Monday, August 6, 2012

Mundane Reflections

Since returning from a weekend away at Zen Mountain Monastery, I have been attempting to actualize the idea of my every day life as the material of my practice.  There is no idyllic dream, no escape from reality, no trip to the mountain that brings profound enlightenment.  Rather, enlightenment is found in scrubbing the grime of the kitchen sink, or in remaining present and awake through the children arguing in the backseat on the drive home, through the husband anxious about time and money, and through the administrative tasks of daily work.

Thus far, it has not been a breeze; in fact it has been somewhat painful. At each encounter with reality I rub up against myself. In dokusan (a one-on-one meeting with the abbot), I was given the dharma to befriend my emotions. At times, I have indulged the friendly feelings with fantasy and dreams, while keeping the uglier ones at bay, tying them up and secluding them in a dark room-- for fear that they might overtake me.  Now, I turn to face those feelings- anger, pain, grief, sorrow- with vigilance, hoping that in their early stages I might tame the tiger while it is well fed and rousing, rather than neglect it until it is famished and eager to attack.

The realizations that emerged from this past weekend came to me unexpectedly. They did not emerge from periods of zazen (silent sitting meditation) or dharma discourse, but from a series of meal-time conversations with monastery residents and caretaking practice (aka sweeping a broom until I had developed a blister on my thumb!).

In attending the Intro to Zen retreat, I had expected a weekend of silence- and truthfully, I was looking forward to that! This was based on all my previous exposure to Zen, from groups that visit the retreat center where I work.  But those groups are in sesshin- whereas the weekend I attended was thrust down in the middle of every day monastery life.  We were there to experience the eight gates, of which zazen is only one. We were there to encounter the self in the midst of the mundane.

As I entered a dorm room with seven other women- some of whom were more chatty than I would have liked- I felt annoyed; and as I sat at meals around full square tables, I silently hoped to be left alone.  And yet, at each meal I found myself in rich conversation with one of the monastic residents- a different one each time. While dinner time conversation is not listed as one of the eight gates, I wondered if perhaps these conversations too were another way of doing liturgy, or academic study, or dokusan.

I do not consider myself a great conversationalist-- especially with people I have just met.  But somehow each monastic resident opened a gate of presence, and each conversation birthed a new insight. Usually these were one-on-one conversations, in which we became fully present to one another (twice almost to the neglect of chores!).  These conversations mirrored the presence that the abbot shared with those who came to see him during dokusan.

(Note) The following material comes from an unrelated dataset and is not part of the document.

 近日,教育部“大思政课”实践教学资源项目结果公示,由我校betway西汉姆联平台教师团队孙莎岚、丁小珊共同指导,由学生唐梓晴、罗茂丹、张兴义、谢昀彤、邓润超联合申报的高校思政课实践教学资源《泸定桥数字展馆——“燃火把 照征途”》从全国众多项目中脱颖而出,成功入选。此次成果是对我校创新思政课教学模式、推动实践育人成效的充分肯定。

The experience of presence was also encountered through work practice, which is another of the eight gates.  Sweeping stairs and chopping tomatoes were activites of meditation.  I recognized that my own mental resistance to certain work- particularly the administrative tasks of my paid employment- comes from an over-identification with the activities.  We live in a society where some work is elevated over others-- where a person who scrubs toilets is regarded less than a person who manages companies. We come to identify ourselves with the work and roles we do in life, and in the process lose track of the self.

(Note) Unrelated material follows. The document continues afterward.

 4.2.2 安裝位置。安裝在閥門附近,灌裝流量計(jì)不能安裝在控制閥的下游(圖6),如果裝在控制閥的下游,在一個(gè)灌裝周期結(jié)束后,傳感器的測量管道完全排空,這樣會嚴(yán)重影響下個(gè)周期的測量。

But the real self is not defined by work or by roles of any kind. The self is the universe, is reality, is all. In the monastery, work is spiritual practice- and it is not all grand.  Students garden and scrub; a senior monastic teacher prepares the meals; the abbot crawls into the aqueduct tunnel to take measurements for a building project.  By coming to see the tasks of my life as spiritual practice, rather than acts of self-definition, I can deepen my focus and be present in the activity. I make the intention now of focusing on these administrative tasks as work practice, returning to the excel sheet in the same way I might return to the breath, or the sweep of broom, or the slice of tomato.

As I return to the world from the weekend retreat, I walk with all this in mind. While a part of me would love to pack my bags and move to the mountains to become a monk (even monastic life can appear like a dream, a beautiful escape!), I have practice to do-- to face the self, to awaken--  right here and now.